The fruit of aronia consists of a variety of ingredients, such as anthocyanin, flavonoids, ursolic acid, acetylursolic acid, and oleanolic acid (28, 50, 51). These components have been implicated in the increase of muscle mass, fast, and slow muscle fiber size and muscle strength (52–54). The treatment with ursolic acid, one of the main components of aronia, increases muscle mass in mice through enhancing muscle insulin/IGF-I signaling and inhibiting atrophy-associated muscle mRNA expression (52). Since Akt is the major downstream signaling component of IGF-1, this is in consistent with our current data. Although the functional aspect is not addressed, another study has proposed that the effect of aronia might be exerted through mTORC1 activation in response to resistance exercise without increasing muscle protein synthesis (50).
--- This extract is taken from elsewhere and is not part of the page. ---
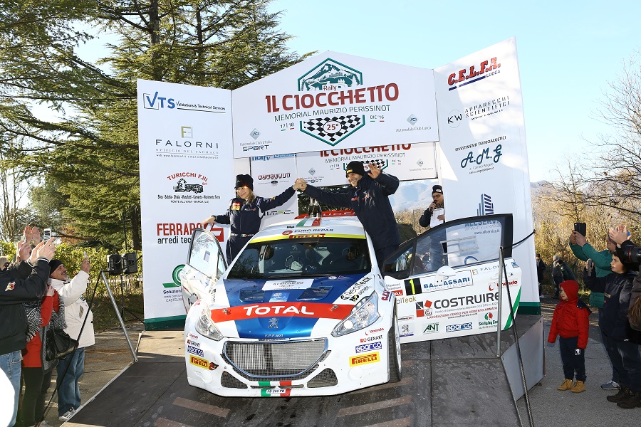 Il Ciocco. Paolo Andreucci, Anna Andreussi e la Peugeot 208 T16 della Racing Lions si sono aggiudicati, dominandola dalla prima all’ultima prova speciale, la edizione numero venticinque del Ciocchetto Rally Event, il tradizionale rally degli auguri natalizi, con scenario la splendida Garfagnana della Tenuta Il Ciocco. Il nove volte campione italiano rally ha lasciato alla concorrenza, numerosa e qualificata, la vittoria in una sola prova speciale, dove Andreucci si è concesso una piccola “distrazione”. Oltre alla soddisfazione di avere vinto la edizione delle “nozze d’argento” del rally Il Ciocchetto, Andreucci, già vincitore da queste parti nel 1997 (con la Ford Escort Cosworth e Simona Fedeli alle note) e nel 1999 (con la Subaru Impreza Wrc e Alex Giusti sul sedile di destra), con la terza affermazione affianca Paolo Ciuffi tra i piloti con più vittorie al Ciocchetto. “Sono contento di questa vittoria,- dichiarava alla fine un soddisfatto Andreucci– alla quale tenevo in modo particolare, dato che si festeggiava la ricorrenza dei 25 anni. Un plauso agli Organizzatori, che hanno messo in piedi una gara davvero divertente, ma con speciali sempre impegnative”. Mentre Anna Andreussi si aggiudica il prestigioso e artistico Trofeo alla memoria di “Icio” Perissinot, indimenticato inventore del rally Il Ciocchetto, consegnatole dalla figlia Serena Perissinot. “Sono molto orgogliosa di questo premio. Personalmente non ho avuto occasione di conoscere a fondo Perissinot, conosco la sua carriera nei rally e Paolo, che gli era affezionato, me ne ha sempre parlato molto”.

Further studies are required to define the regulatory mechanisms by which aronia exerts the beneficial effect on muscle mass and strength. Our current study also demonstrates that aronia treatment upregulates the activities of both oxidative and glycolytic metabolic enzymes with increased expression of mitochondrial genes and glucose metabolism-related genes (Figure 5).
Conclusions
Our study demonstrates that AR promotes myogenic differentiation through Akt activation and protects the DEX-induced myotube atrophy through Akt activation that in turn represses the expression of muscle-specific ubiquitin ligases. In addition, AR treatment improves muscle mass and strength with increased expression of both glycolytic and oxidative myofibers with upregulated muscle-specific genes and muscle metabolic genes. Thus, given the current lack of therapies for skeletal muscle atrophy, AR might be a promising potential as a nutraceutical remedy to intervene in muscle weakness and atrophy.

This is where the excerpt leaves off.